Шум двигателей усилился. Самолет стоял на тормозах, разгоняемые двигатели пока не могли стронуть его.

Она стала медленно вести руками от коленей вверх, к кромке платья. У нее сразу пересохло во рту.

Тормоза отпущены!

С раннего детства она всегда ждала этого момента. Особенно хорошо было на небольших аэродромах, где короткие полосы, и взлетать надо быстро. У «Гольфстримов» не лучшая экономичность, зато хорошая скороподъемность…

Ее вжало в спинку кресла, что-то сорвалось с места внутри и полетело куда-то, непонятно куда. Ее ладони остановились на внутренних сторонах бедер рядом с краем платья.

Кресло запрокинулось назад, и она почувствовала, как исчезло ощущение колес на бетоне.

Она распахнула глаза и повернулась к иллюминатору.

За иллюминатором проваливалась земля.

Ускорение по-прежнему прижимало ее к спинке кресла.

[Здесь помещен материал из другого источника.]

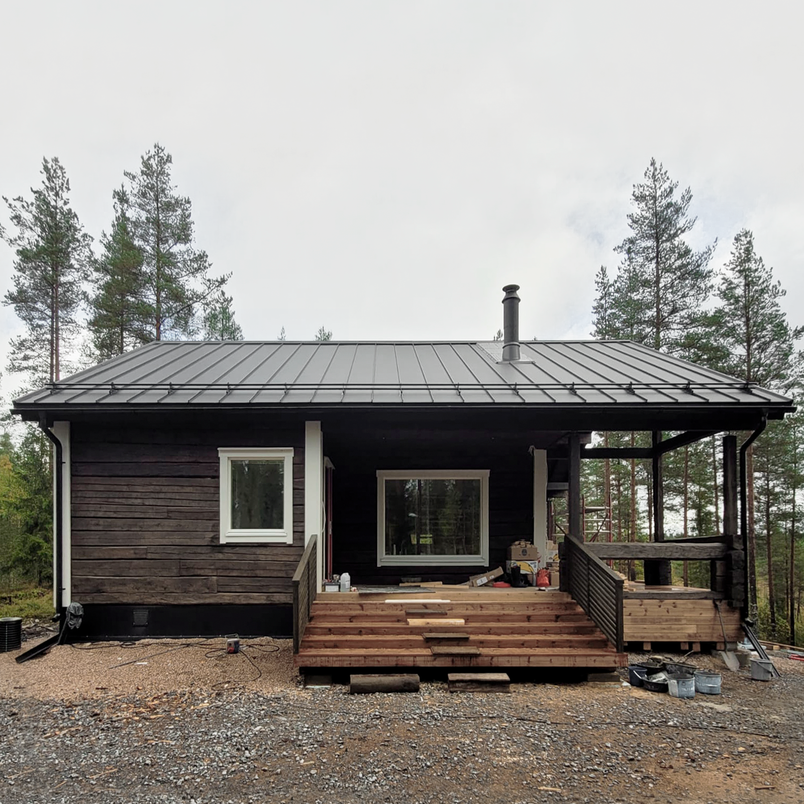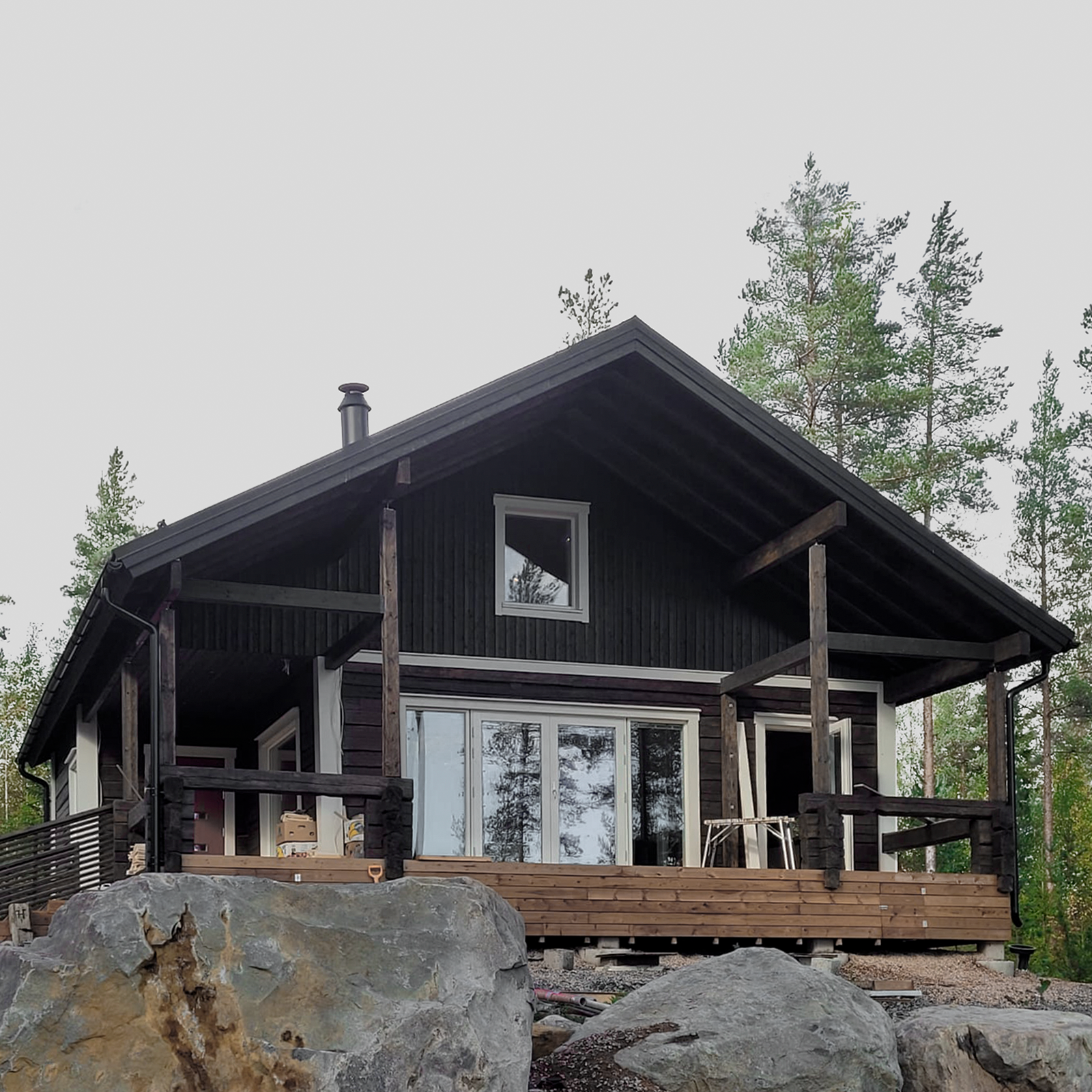 Designed as an all-season holiday home, the cabin provides both comfort and a strong connection to its natural surroundings. The original log frame determined much of the spatial organization — its rhythm and proportions guided the layout, resulting in a home that feels both rooted in tradition and attuned to modern needs.
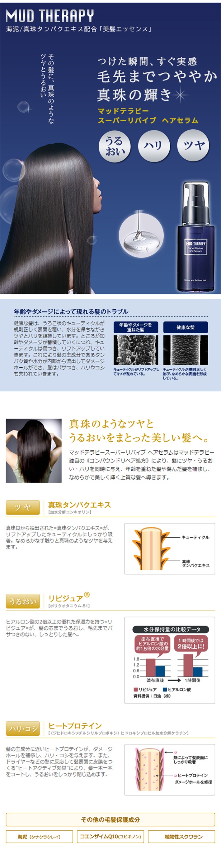 真珠タンパクエキス(加水分解コンキオリン)・水溶性コラーゲン・コエンザイムQ10(ユビキノン)・ヒートプロテイン((ジヒドロキシメチルシリルプロポキシ)ヒドロキシプロピル加水分解ケラチン)・リピジュア(ポリクオタニウム-51)・植物性スクワラン・海泥(タナクラクレイ)他

Она сжала руки ногами. Дышать было не обязательно. Самолет – длинный цилиндрический предмет, торчащий под углом к горизонту – прижимал ее к креслу. Говорят, доктор Фрейд объяснял, отчего мальчики любят паровозы. Может, он знал, отчего девочки любят длинные цилиндрические самолеты, прижимающие их к спинке кресла?

Она хотела засмеяться от этой мысли, но не могла. Не получалось. Не хватало дыхания – для смеха надо было вдохнуть куда больше воздуха, чем она вдыхала сейчас. Промелькнула мысль, что этими неосознанными фокусами с дыханием и бедрами она пытается получить оргазм. Это было не так, она чувствовала смешную неуместность этого, несоразмерность какого-то там оргазма видимому и ощущаемому ею, но объяснить себе не могла. Мысли тоже были сейчас неуместны, они также не получались, как смех.

Потом все постепенно прошло. Самолет выравнивался. Она начала дышать.

Интересно – командир экипажа, который обычно выполняет взлет – он знает, что ей это нравится? Она всю жизнь с ним летает. Может, он что-нибудь замечал? Ей двадцать четыре года, времени было немало… Конечно, есть определенные правила, по которым надо взлетать. Например, нельзя поднять нос самолета выше определенного, потому что тогда мощности двигателей и подъемной силы не хватит, чтобы держать самолет в воздухе и он уйдет в плоский штопор, из которого не выйти. Но все-таки это можно делать по-разному, и на верхней границе возможного все выглядит совсем не так, как на нижней…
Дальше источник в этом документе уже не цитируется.